Examples of the Scientific Questions to be Addressed

Genetic diversity as related to mammalian extinction. A major goal is to learn how genetic diversity changes (if at all) as a species approaches extinction, which may well assist with conservation plans for endangered species. One approach would be to sample large percentages of global museum holdings for all recently extinct mammals for which reasonable numbers of individuals across a reasonable timeframe (multiple decades at least) are available. (Note that approaching diversity through time with museum collections is especially powerful because samples are usually dated to the nearest year, and commonly to the exact date and month.) Species meeting these criteria include approximately five Australian marsupials, the Caribbean monk seal, the Japanese sea lion, perhaps Steller's sea cow, two bat species, possibly the Falkland Islands wolf, and a handful of rodents. Pre-extinction patterns of diversity can be compared across unrelated mammals that have suffered global extinction. For example, is there any overwhelming shared signature of mtDNA diversity that precedes global extinction in a predictable manner across taxa? Or is this different for every species based on the unique conditions of its particular decline?

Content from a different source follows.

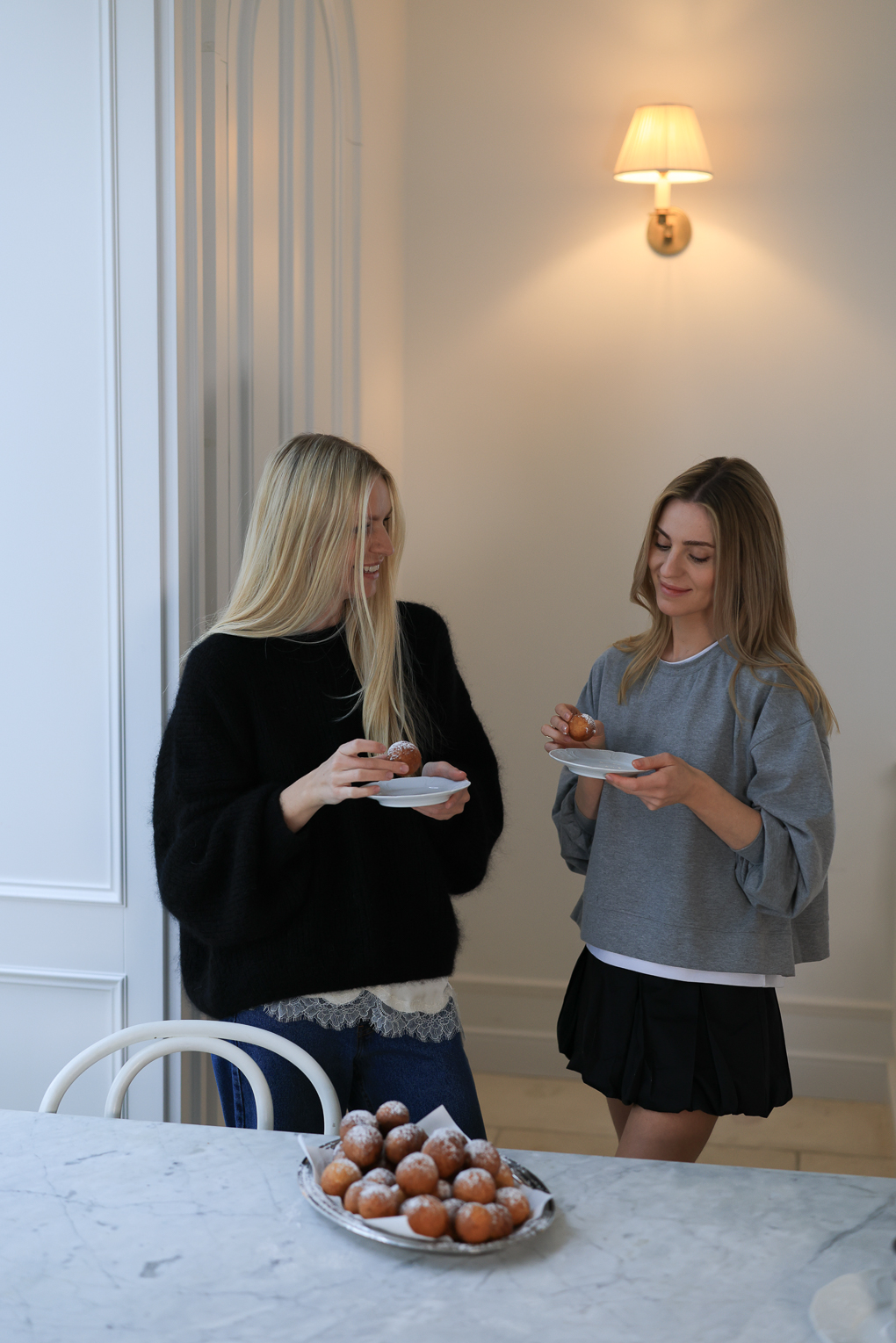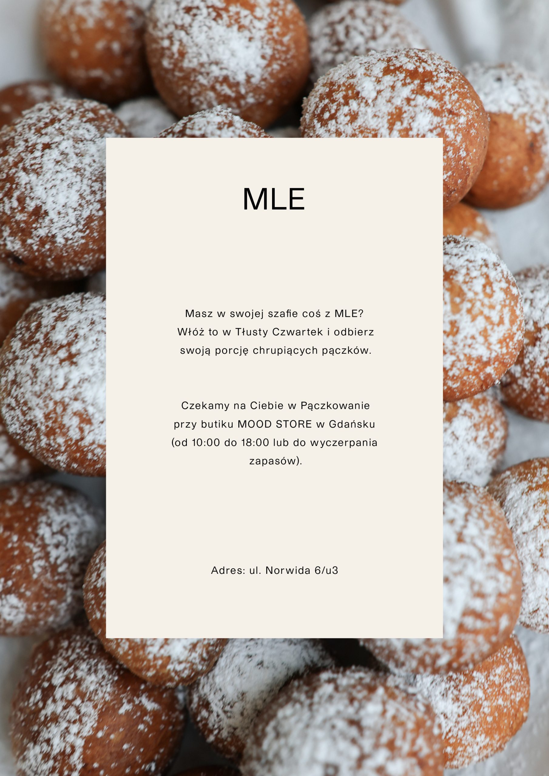 Poniżej znajdziecie mój ukochany, dokładny przepis. Z podanych proporcji wychodzi między pięćdziesiąt a sześćdziesiąt małych pączków. Jeśli jednak jesteście z Trójmiasta lub okolic, nie zawracajcie sobie głowy smażeniem. Usmażymy je za Was. W Tłusty Czwartek włóżcie na siebie cokolwiek, co kupiłyście w MLE i przyjdźcie na Garnizon, a my poczęstujemy Was pączkami z naszego pączko-vana (butik Moodstore, ul. Norwida 6/u3, Gdańsk). Zaczynamy o 10:00 i kończymy o 18:00 — albo wcześniej, jeśli zapasy się skończą.

Documenting the spread of disease from invasive to native species. Dates of local (e.g. insular) or global extinction are known for many mammal species and populations with reasonable accuracy, as are dates of exotic introduction/invasion of certain species into novel landscapes. In some cases it is suspected that extinctions of certain native species have followed causally from introductions of certain invasive species (especially on islands), and that disease may be involved in some of these cases, but these types of claims generally remain anecdotal. The timing of the global decline of certain endemic insular rodent (and potentially other small mammal) lineages and the global spread of commensal rats offer many iterative, analogous cases for studying the spread of disease from invasive rats (with humongous global population sizes and greater exposure to a wealth of pathogens across time and geography) to comparatively 'naïve' and isolated endemic rodents with much smaller population sizes and less extensive historical exposure to disease. We predict that comparisons of metagenomes/bacteriomes/viromes sequenced from museum hair samples will be illuminating here.